Grote minor Sociale wetenschappen Economen

advertisement
Grote minor Sociale wetenschappen
Economen benadrukken traditioneel de markt als belangrijkste organisatievorm, maar
erkennen tegenwoordig steeds meer dat markten sterk afhankelijk zijn van organisaties,
samenwerking, afspraken en collectieve normen en waarden. De coördinatie van
economische activiteiten is met andere woorden een zeer complex proces. Deze
complexiteit vereist dat bij de studie van coördinatie, naast economische inzichten, ook
kennis van andere sociale wetenschappen wordt betrokken.

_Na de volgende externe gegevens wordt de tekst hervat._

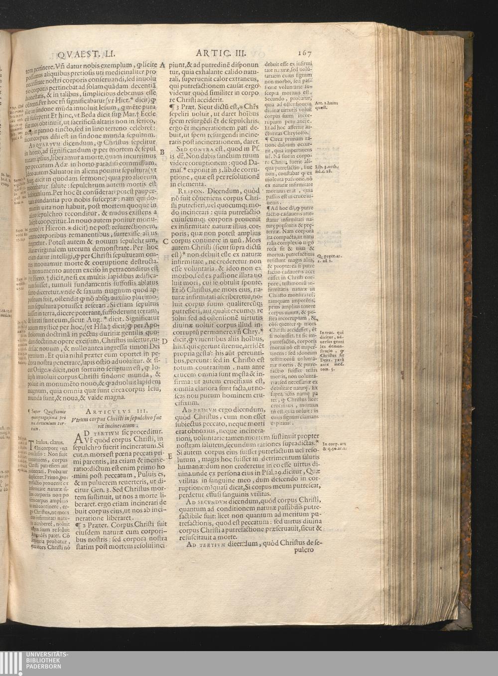 3. Vtrum corpus eius fuerit in sepulchro resolutum.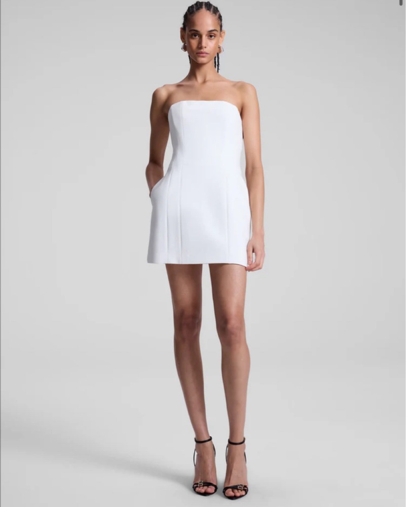The Elsie Dress, a part of A.L.C.'s Signature Collection, is impeccably cut from structured winter white fabric. This mini silhouette is strapless, featuring pockets and darted seams for a feminine fit. Shop Dresses

In de grote minor Sociale wetenschappen wordt het coördinatievraagstuk benaderd vanuit
meerdere sociaal wetenschappelijke invalshoeken. Het studieprogramma omvat zowel
economische als andere sociaal wetenschappelijke vakken. Deze zijn gericht op drie
verschillende niveaus van coördinatie: de onderneming, de bedrijfstak of sector en de
nationale economie.
Op het niveau van de onderneming vraagt het management zich af welke activiteiten het
best uitbesteed kunnen worden en hoe het personeel het best kan worden gemotiveerd.
Een centraal thema op ondernemingsniveau is het gedrag van mensen in de organisatie.
Het gaat dan om medewerkers en aandacht voor de vraag op welke manieren zij
gemotiveerd kunnen worden. Bijvoorbeeld wat zijn de voor- en nadelen van
prestatiebeloning, flexibele arbeidscontracten of van een mentorsysteem? In aanvulling op
de economische wetenschap geven in dit geval de sociologie en psychologie inzicht in de
factoren die de arbeidsmotivatie van mensen beïnvloeden.
De coördinatie op bedrijfstak- of sectorniveau staat de laatste jaren centraal in het sociaaleconomische debat in Nederland. Marktwerking, deregulering en privatisering spelen een
belangrijke rol in discussies over uiteenlopende kwesties zoals de privatisering van de
sociale zekerheid, het openbaar vervoer en de elektriciteitsvoorziening, de toekomst van
de publieke omroep, de prijsvorming van notarissen en de samenwerking tussen
taxibedrijven.
De macro-economische coördinatie staat centraal in de verklaring van de verschillen in
economische prestaties tussen de Verenigde Staten, Japan en de Europese Unie. Waarom
is er geen sprake van een gelijke economische groei en werkloosheidsontwikkeling in deze
regio’s? En waarom zijn de verschillen binnen de Europese Unie op het gebied van
werkgelegenheidsontwikkeling zo groot? Is de overlegstructuur van de Nederlandse
economie echt zo belangrijk geweest voor de creatie van banen?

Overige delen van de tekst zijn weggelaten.